Short-Term In Vitro ROS Detection and Oxidative Stress Regulators in Epiretinal Membranes and Vitreous from Idiopathic Vitreoretinal Diseases

Bijorn Omar Balzamino  1 Lucia Dinice  1 Andrea Cacciamani  2 Agnese Re  3 Fabio Scarinci  2 Luca Bruno  1 Pamela Cosimi  2 Alessandra Micera  1
Affiliations

Short-Term In Vitro ROS Detection and Oxidative Stress Regulators in Epiretinal Membranes and Vitreous from Idiopathic Vitreoretinal Diseases

Bijorn Omar Balzamino et al. Biomed Res Int. .

Abstract

Background: A plethora of inflammatory, angiogenic, and tissue remodeling factors has been reported in idiopathic epiretinal membranes (ERMs). Herein we focused on the expression of a few mediators (oxidative, inflammatory, and angiogenic/vascular factors) by means of short-term vitreal cell cultures and biomolecular analysis.

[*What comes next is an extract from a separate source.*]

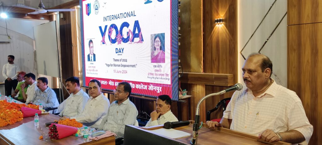 जौनपुर -शहर के मोहम्मद हसन पीजी कॉलेज के सौदागर हाल में अंतर्राष्ट्रीय योग दिवस के मिशन के तहत कार्यक्रम का आयोजन किया गया, कार्यक्रम की अध्यक्षता प्राचार्य डॉ0 अब्दुल कादिर खान ने की एवं मुख्य अतिथि वित्त अधिकारी डॉ0 संजय राय पूर्वांचल विश्वविद्यालय एवंम परीक्षा नियंत्रक अजीत प्रताप सिंह पूर्वांचल विश्वविद्यालय रहे।

Methods: Thirty-nine (39) ERMs and vitreal samples were collected at the time of vitreoretinal surgery and biomolecular analyses were performed in clear vitreous, vitreal cell pellets, and ERMs. ROS products and iNOS were investigated in adherent vitreal cells and/or ERMs, and iNOS, VEGF, Ang-2, IFNγ, IL18, and IL22 were quantified in vitreous (ELISA/Ella, IF/WB); transcripts specific for iNOS, p65NFkB, KEAP1, NRF2, and NOX1/NOX4 were detected in ERMs (PCR). Biomolecular changes were analyzed and correlated with disease severity.

Results: The higher ROS production was observed in vitreal cells at stage 4, and iNOS was found in ERMs and increased in the vitreous as early as at stage 3. Both iNOS and NOX4 were upregulated at all stages, while p65NFkB was increased at stage 3. iNOS and NOX1 were positively and inversely related with p65NFkB. While NOX4 transcripts were always upregulated, NRF2 was upregulated at stage 3 and inverted at stage 4. No significant changes occurred in the release of angiogenic (VEGF, Ang-2) and proinflammatory (IL18, IL22 and IFNγ) mediators between all stages investigated.

Conclusions: ROS production was strictly associated with iNOS and NOX4 overexpression and increased depending on ERM stadiation. The higher iNOS expression occurred as early as stage 3, with respect to p65NFkB and NRF2. These last mediators might have potential prognostic values in ERMs as representative of an underneath retinal damage.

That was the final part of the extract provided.